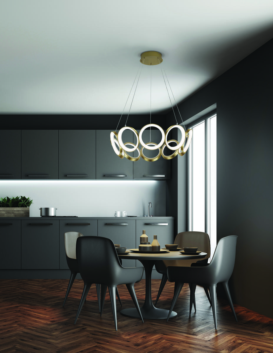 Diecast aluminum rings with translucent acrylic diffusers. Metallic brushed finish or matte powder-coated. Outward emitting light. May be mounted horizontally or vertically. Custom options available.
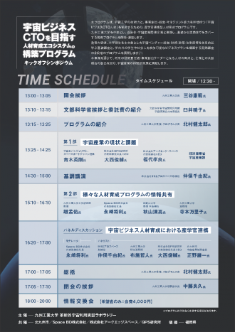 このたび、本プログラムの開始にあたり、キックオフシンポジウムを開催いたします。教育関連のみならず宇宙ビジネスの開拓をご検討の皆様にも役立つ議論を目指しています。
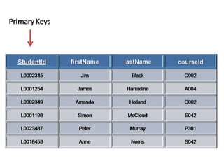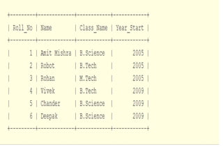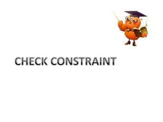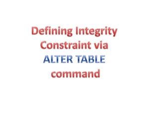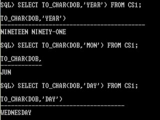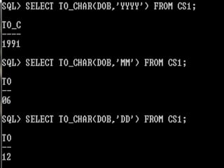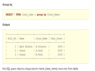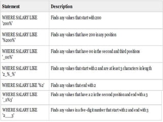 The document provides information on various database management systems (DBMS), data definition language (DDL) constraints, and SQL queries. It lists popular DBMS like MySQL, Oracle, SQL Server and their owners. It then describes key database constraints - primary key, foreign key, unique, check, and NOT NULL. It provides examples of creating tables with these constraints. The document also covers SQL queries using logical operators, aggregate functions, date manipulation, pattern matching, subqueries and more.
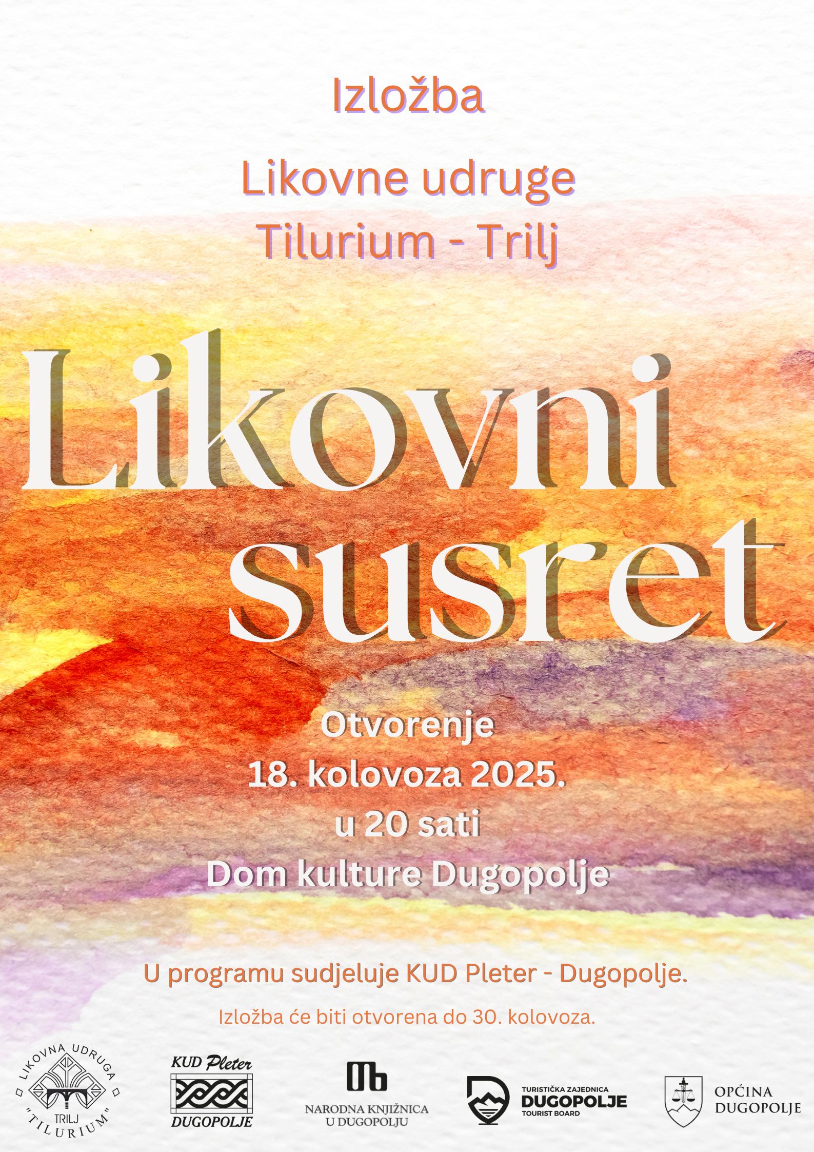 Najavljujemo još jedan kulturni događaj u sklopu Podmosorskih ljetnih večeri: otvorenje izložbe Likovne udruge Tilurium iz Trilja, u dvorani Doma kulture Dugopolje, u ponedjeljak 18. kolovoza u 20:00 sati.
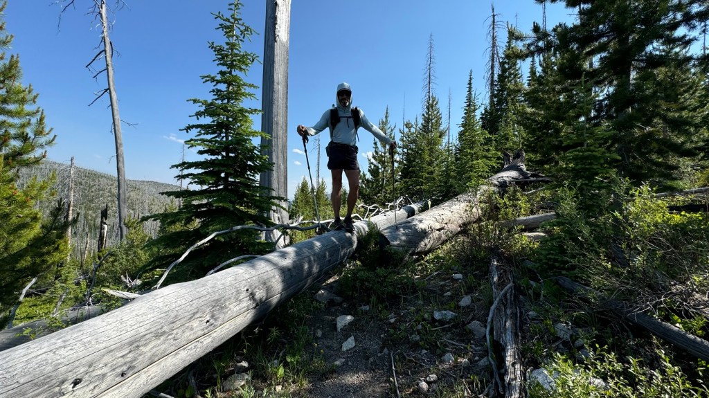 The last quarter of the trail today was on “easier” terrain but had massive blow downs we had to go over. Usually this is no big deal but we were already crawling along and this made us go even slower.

==========

Each record has to be set down verbatim, and the pictures must not appear in the copy.

| Exercise result |
 Diecast aluminum rings with translucent acrylic diffusers. Metallic brushed finish or matte powder-coated. Outward emitting light. May be mounted horizontally or vertically. Custom options available.
 このたび、本プログラムの開始にあたり、キックオフシンポジウムを開催いたします。教育関連のみならず宇宙ビジネスの開拓をご検討の皆様にも役立つ議論を目指しています。
 The document provides information on various database management systems (DBMS), data definition language (DDL) constraints, and SQL queries. It lists popular DBMS like MySQL, Oracle, SQL Server and their owners. It then describes key database constraints - primary key, foreign key, unique, check, and NOT NULL. It provides examples of creating tables with these constraints. The document also covers SQL queries using logical operators, aggregate functions, date manipulation, pattern matching, subqueries and more.
 Najavljujemo još jedan kulturni događaj u sklopu Podmosorskih ljetnih večeri: otvorenje izložbe Likovne udruge Tilurium iz Trilja, u dvorani Doma kulture Dugopolje, u ponedjeljak 18. kolovoza u 20:00 sati.
 The last quarter of the trail today was on “easier” terrain but had massive blow downs we had to go over. Usually this is no big deal but we were already crawling along and this made us go even slower.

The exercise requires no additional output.